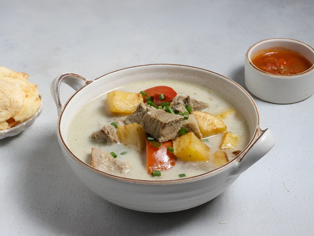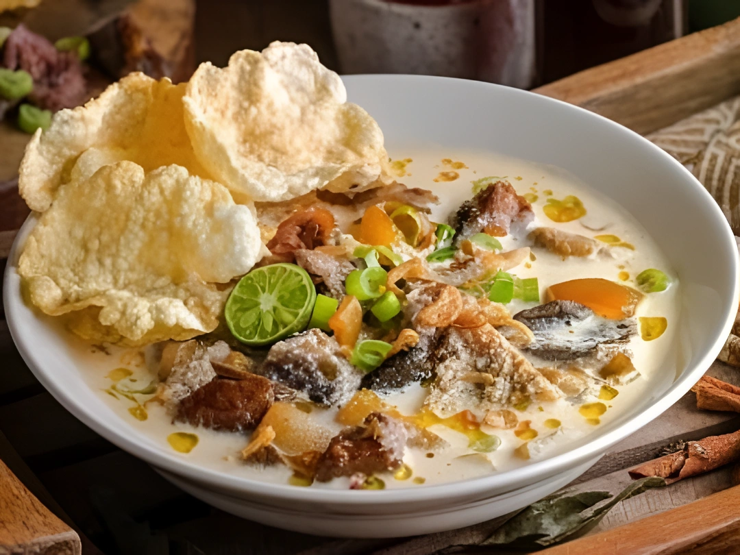 Daging dan jeroan sapi direbus hingga empuk, kemudian dicampur dengan bumbu rempah dan kuah santan. Soto ini disajikan hangat, biasanya dilengkapi potongan tomat, kentang goreng, dan emping. Hidangan ini mudah dinikmati kapan saja dan menjadi favorit warga Jakarta maupun wisatawan.
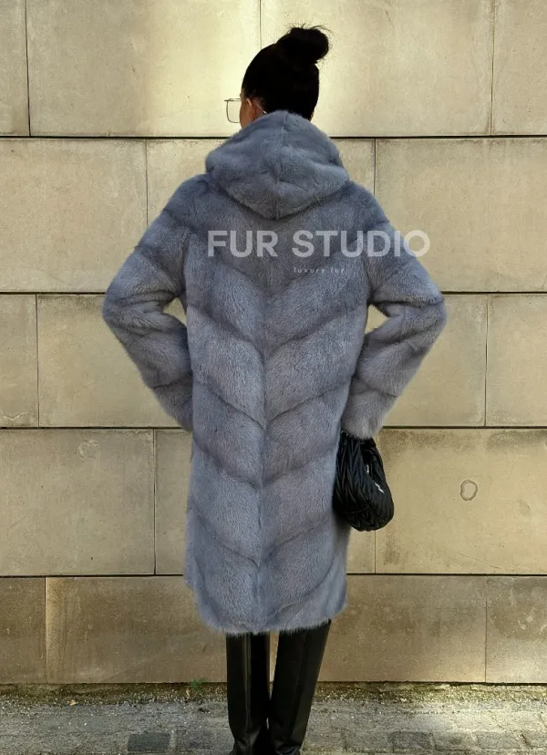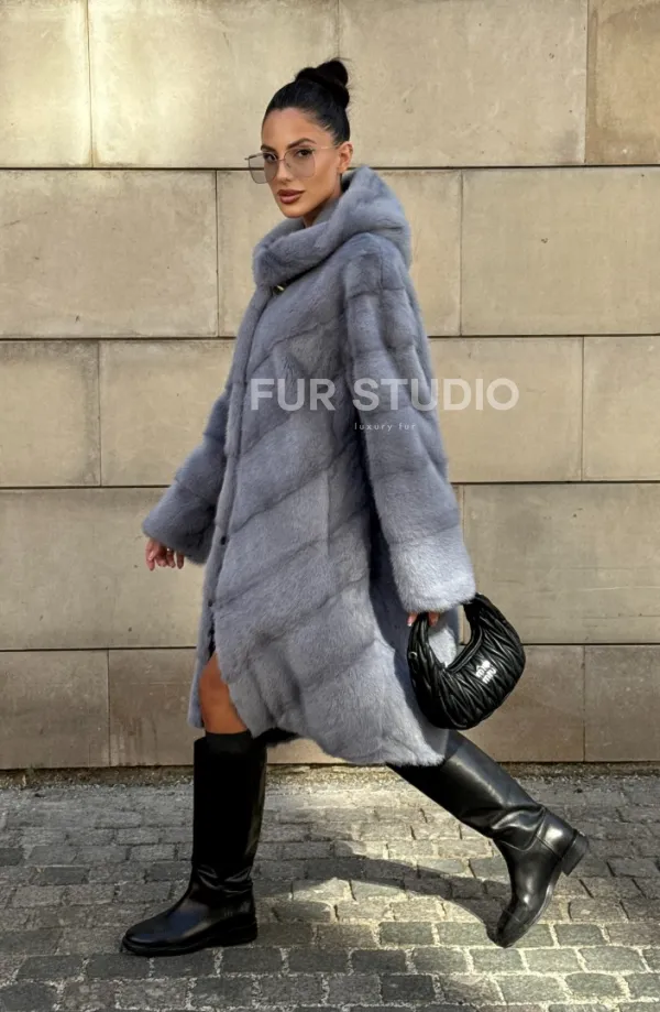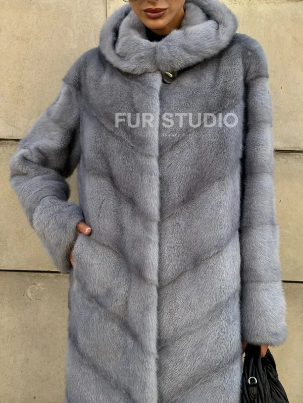 Шуба midi из меха норки с капюшоном, рукава трансформер 101059
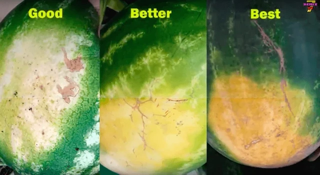 Đầu tiên người dùng có thể nhìn vào phần đáy của quả dưa hấu, cụ thể là màu sắc ở phần này. Đáy dưa hấu thường tiếp xúc nhiều với mặt đất, thường mang màu vàng. Vì vậy nếu chúng mang màu vàng hoặc vàng hơi cam, thậm chí ngả nâu, tức là đây là quả dưa ngon, có bị ngọt sắc. Còn nếu màu trắng, nhạt màu hơn thì quả dưa đó sẽ không ngon bằng.
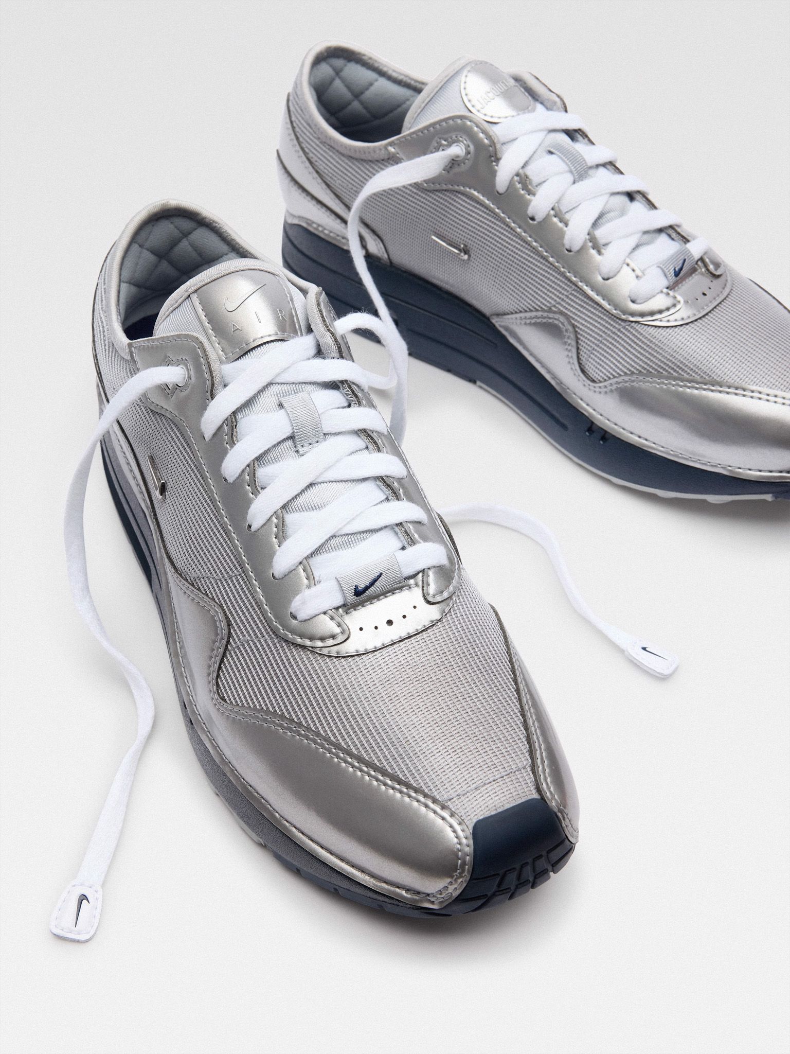 Each sneaker in the pack is designed with meticulous attention to detail, a hallmark of JACQUEMUS's approach to fashion. The sneakers come adorned with a luxurious JACQUEMUS hang tag, thick laces that enhance their visual texture, and a distinctive small metallic Swoosh that sweeps elegantly across the body, adding a subtle yet impactful brand signature.

• Assignment:
Retyping should start at the first line of the data above and stop after the line with "Đầu tiên người", and no picture should be included.

• Answer to this problem:
 Daging dan jeroan sapi direbus hingga empuk, kemudian dicampur dengan bumbu rempah dan kuah santan. Soto ini disajikan hangat, biasanya dilengkapi potongan tomat, kentang goreng, dan emping. Hidangan ini mudah dinikmati kapan saja dan menjadi favorit warga Jakarta maupun wisatawan.
 Шуба midi из меха норки с капюшоном, рукава трансформер 101059
 Đầu tiên người dùng có thể nhìn vào phần đáy của quả dưa hấu, cụ thể là màu sắc ở phần này. Đáy dưa hấu thường tiếp xúc nhiều với mặt đất, thường mang màu vàng. Vì vậy nếu chúng mang màu vàng hoặc vàng hơi cam, thậm chí ngả nâu, tức là đây là quả dưa ngon, có bị ngọt sắc. Còn nếu màu trắng, nhạt màu hơn thì quả dưa đó sẽ không ngon bằng.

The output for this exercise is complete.